MATERIAL SHOWN ▸

###

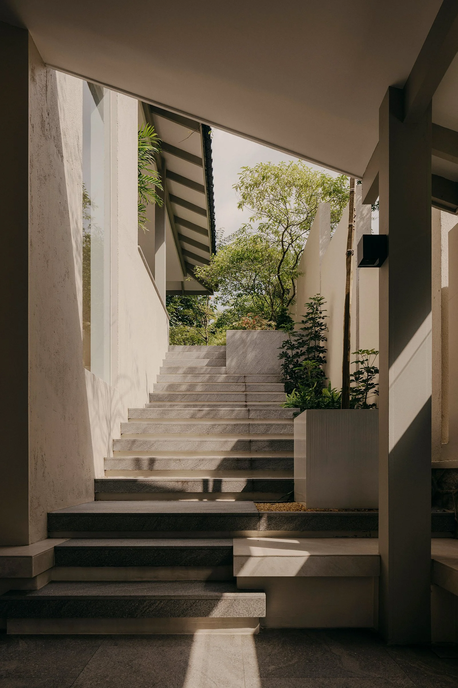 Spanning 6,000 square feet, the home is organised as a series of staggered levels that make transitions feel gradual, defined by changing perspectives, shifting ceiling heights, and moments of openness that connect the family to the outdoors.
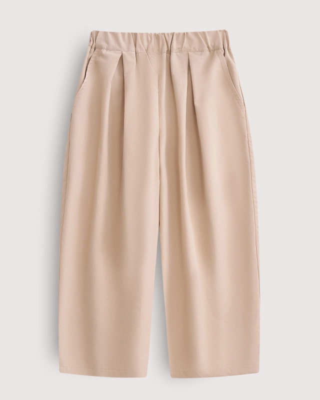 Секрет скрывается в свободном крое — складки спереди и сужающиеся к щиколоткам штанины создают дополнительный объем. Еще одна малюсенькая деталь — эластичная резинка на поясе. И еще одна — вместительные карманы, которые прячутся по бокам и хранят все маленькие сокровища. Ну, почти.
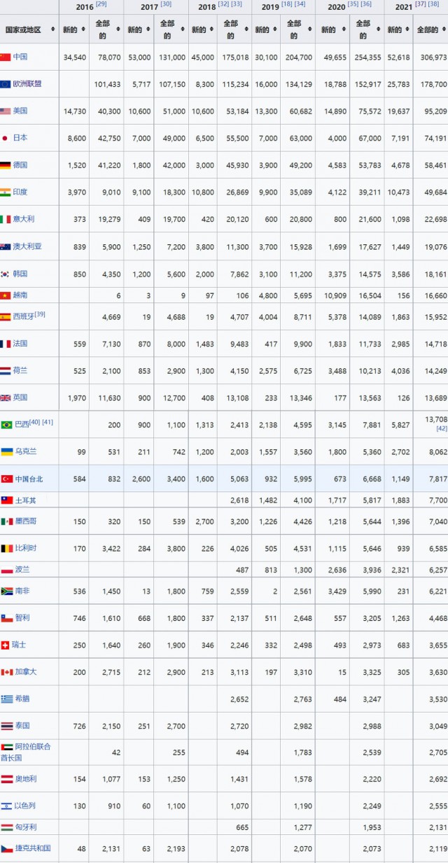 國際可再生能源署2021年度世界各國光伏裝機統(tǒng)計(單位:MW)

###

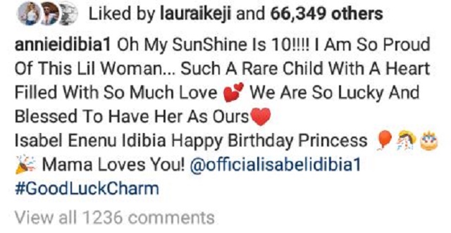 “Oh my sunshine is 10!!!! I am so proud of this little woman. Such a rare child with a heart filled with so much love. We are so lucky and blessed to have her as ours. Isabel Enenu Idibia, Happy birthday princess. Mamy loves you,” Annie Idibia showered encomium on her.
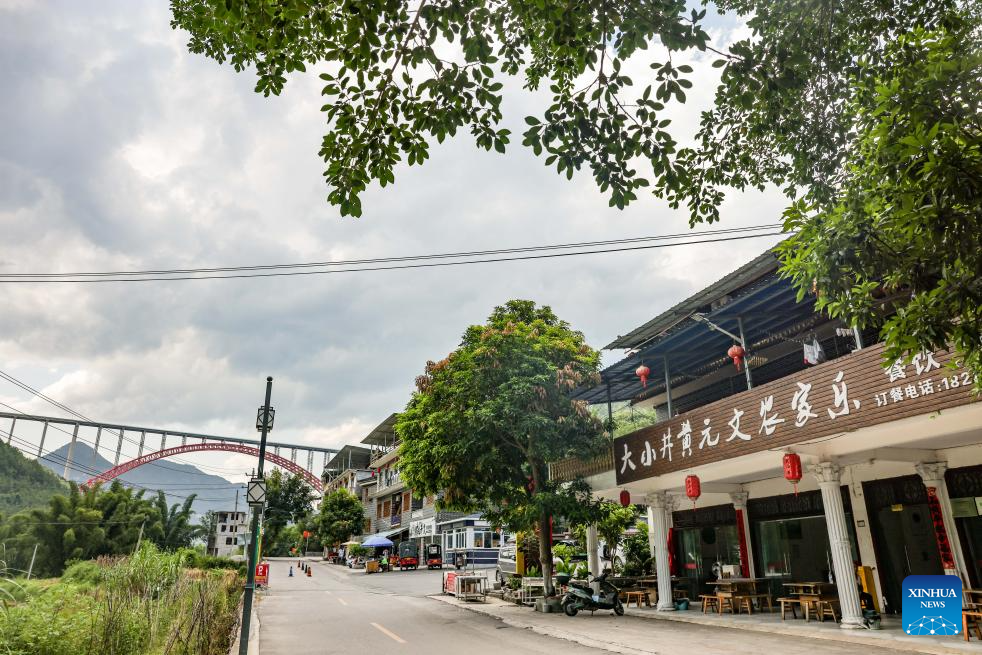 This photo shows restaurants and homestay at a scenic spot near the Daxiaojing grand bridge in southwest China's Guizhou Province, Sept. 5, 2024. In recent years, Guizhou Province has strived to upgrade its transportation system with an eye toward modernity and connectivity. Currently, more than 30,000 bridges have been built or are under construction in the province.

###

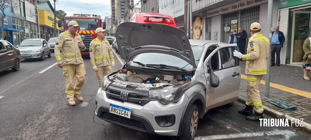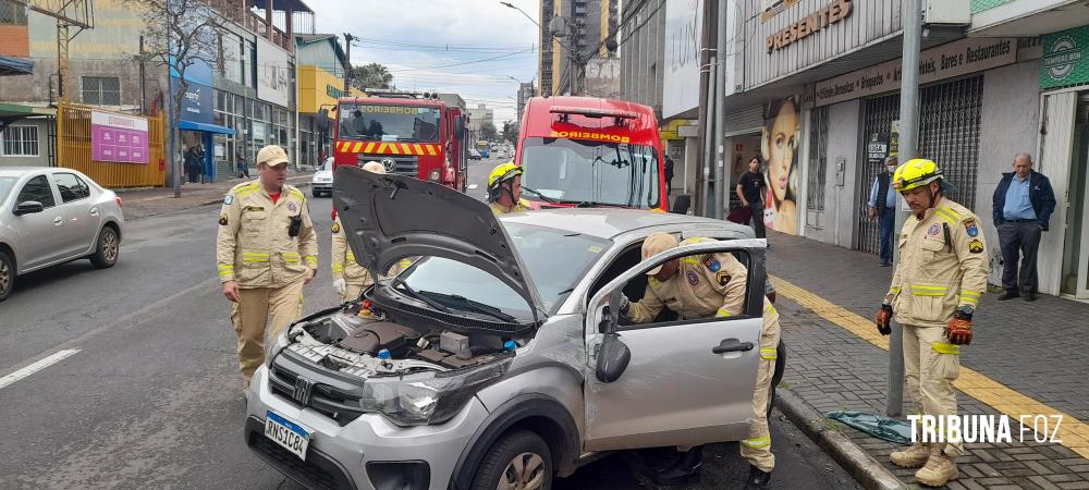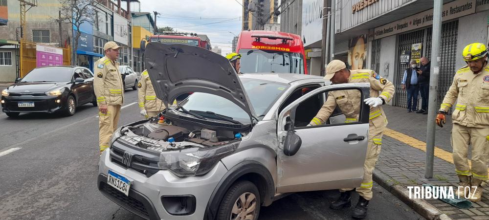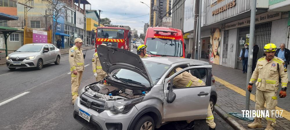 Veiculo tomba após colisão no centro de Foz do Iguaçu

###

WHAT THE TASK ASKS ▸ Among the entries above, locate the line with "Spanning 6,000 square" and the line with "國際可再生能源署2021年度世界各國光伏裝機統(tǒng)計(單位:MW)". Give those two lines and all lines between them again, exactly, leaving out the pictures.

YOUR SOLUTION ▸
 Spanning 6,000 square feet, the home is organised as a series of staggered levels that make transitions feel gradual, defined by changing perspectives, shifting ceiling heights, and moments of openness that connect the family to the outdoors.
 Секрет скрывается в свободном крое — складки спереди и сужающиеся к щиколоткам штанины создают дополнительный объем. Еще одна малюсенькая деталь — эластичная резинка на поясе. И еще одна — вместительные карманы, которые прячутся по бокам и хранят все маленькие сокровища. Ну, почти.
 國際可再生能源署2021年度世界各國光伏裝機統(tǒng)計(單位:MW)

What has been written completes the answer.